In [57]:
import pandas as pd

boston = pd.read_csv("../../data/Boston.csv").rename({"Unnamed: 0": "Id"}, axis=1).set_index("Id")
u = boston["medv"].mean()
u

np.float64(22.532806324110677)

In [58]:
import numpy as np
se_medv = boston['medv'].std(ddof=1) / np.sqrt(len(boston))
se_medv

np.float64(0.40886114749753505)

With an estimated value of 22.53 and a std error of 0.4, this estimate can be trusted. Our mean value would probably be between 22 and 23.

In [59]:
def boot_fn(data: pd.DataFrame, idx, mean_med = 1):
    df = data.loc[idx]
    if mean_med == 1:
        return df["medv"].mean()
    elif mean_med == 0:
        return df["medv"].median()
    else:
        return np.percentile(df["medv"], 10)

In [60]:
B = 1000
n = boston.shape[0]
rng = np.random.default_rng(0)

means = np.zeros(B)

for i in range(B):
    idx = rng.choice(boston.index, size=n, replace=True)
    means[i] = boot_fn(boston, idx)

se = means.std(ddof=0)

print("Standard Error (bootstrap):" + str(se))

Standard Error (bootstrap):0.4125347675099613


The bootstrap returned an estimate slightly higher then the original, by almost 0.01.

In [61]:
mean_medv = boston['medv'].mean()

ci_lower = mean_medv - 2 * se
ci_upper = mean_medv + 2 * se

(ci_lower, ci_upper)

(np.float64(21.707736789090752), np.float64(23.3578758591306))

In [62]:
ci_formula_lower = mean_medv - 2 * se_medv
ci_formula_upper = mean_medv + 2 * se_medv

(ci_formula_lower, ci_formula_upper)


(np.float64(21.715084029115605), np.float64(23.35052861910575))

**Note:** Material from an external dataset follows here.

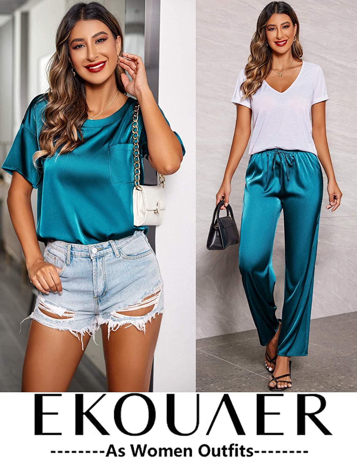 Ekouaer?Womens?Satin?Silky?Pajama?Set?Short?Sleeve?Shirt?with?Long?Pajama?Pant?Set?Soft?PJ?Loungewear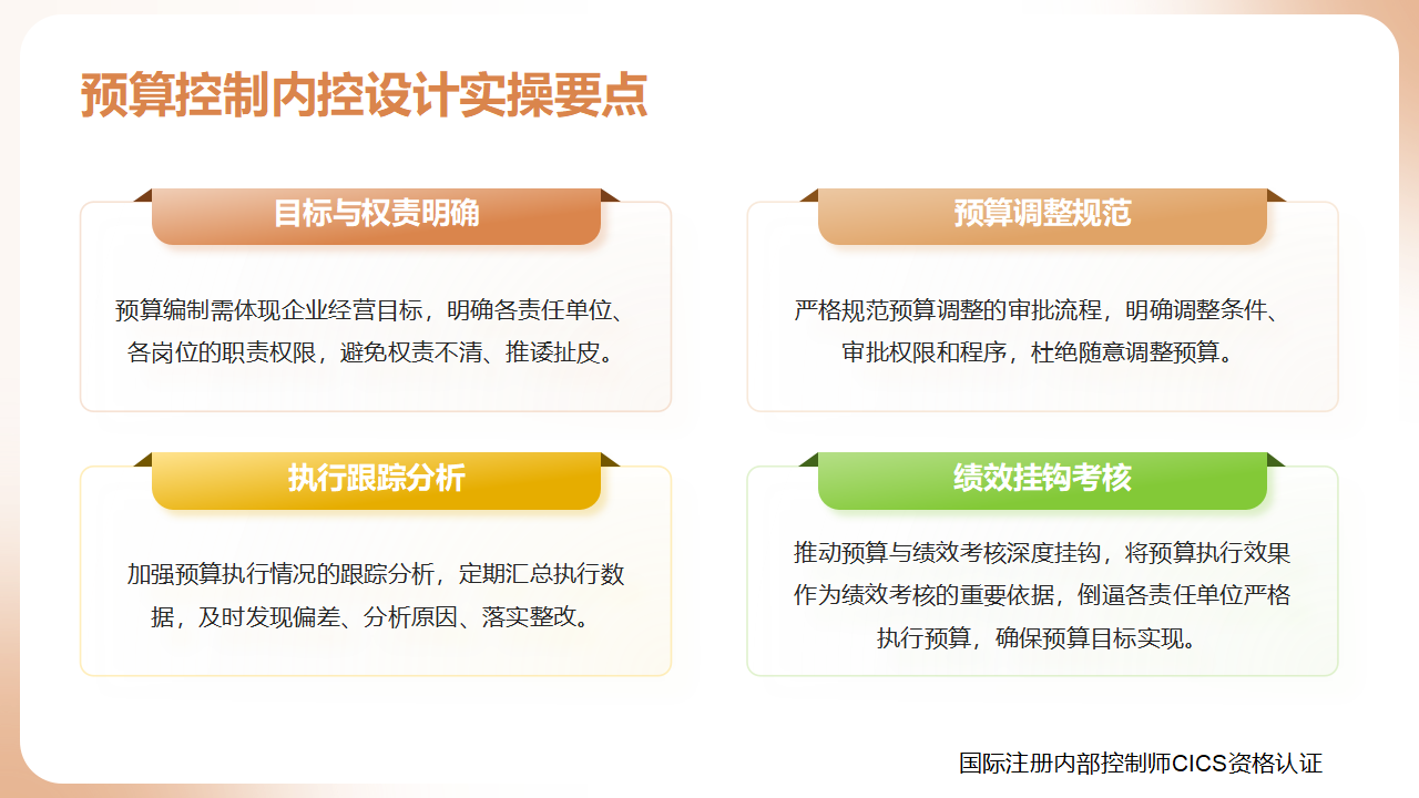 要让预算控制真正发挥作用,避免成为“纸面预算”,企业在设计内部控制时,需重点关注四大核心问题,确保预算管理落地见效:一是预算编制必须体现企业经营目标,明确各责任单位、各岗位的职责权限,避免权责不清、推诿扯皮;二是严格规范预算调整的审批流程,明确调整条件、审批权限和程序,杜绝随意调整预算;三是加强预算执行情况的跟踪分析,定期汇总执行数据,及时发现偏差、分析原因、落实整改;四是推动预算与绩效考核深度挂钩,将预算执行效果作为绩效考核的重要依据,倒逼各责任单位严格执行预算,确保预算目标实现。

The results are very close, confirming that the bootstrap provides a reliable estimate. Both intervals suggest that the population mean of median housing value lies comfortably between 21.7 and 23.4. The small difference (≈0.01) is expected due to the randomness in resampling.

In [63]:
mu_med = boston["medv"].median()
mu_med

np.float64(21.2)

In [64]:
B = 1000
n = boston.shape[0]
rng = np.random.default_rng(0)

meds = np.zeros(B)

for i in range(B):
    idx = rng.choice(boston.index, size=n, replace=True)
    meds[i] = boot_fn(boston, idx, 0)

se = meds.std(ddof=0)

print("Median standard error (bootstrap):" + str(se))

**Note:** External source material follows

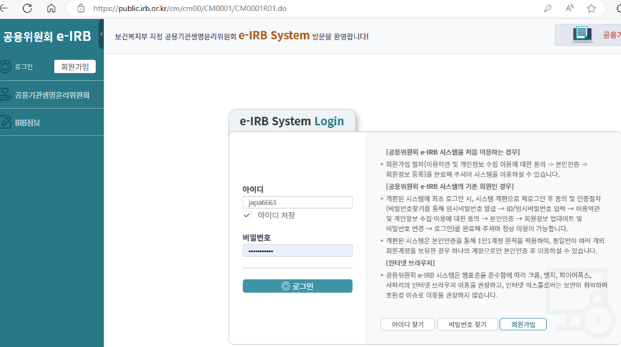 ①공용 e-IRB 로그인 (https://public.irb.or.kr/index.do)

Median standard error (bootstrap):0.3694462207141924


The result (0.37) suggests that the median housing value is relatively stable across samples, but still subject to some fluctuation. This reflects the robustness of the median to outliers,it's less sensitive than the mean but still varies when the sample changes. Overall, this gives us a reliable measure of uncertainty around the median value of medv in the Boston housing data set.

In [65]:
mu_0_1 = np.percentile(boston["medv"], 10)
mu_0_1

np.float64(12.75)

In [66]:
B = 1000
n = boston.shape[0]
rng = np.random.default_rng(0)

perc = np.zeros(B)

for i in range(B):
    idx = rng.choice(boston.index, size=n, replace=True)
    perc[i] = boot_fn(boston, idx, 2)

se = perc.std(ddof=0)

print("tenth percentile standard error (bootstrap):" + str(se))

tenth percentile standard error (bootstrap):0.5034541091301172


The small standard error suggests that the 10th percentile is estimated with fairly high precision despite being from the tail of the distribution, which can often have higher variability.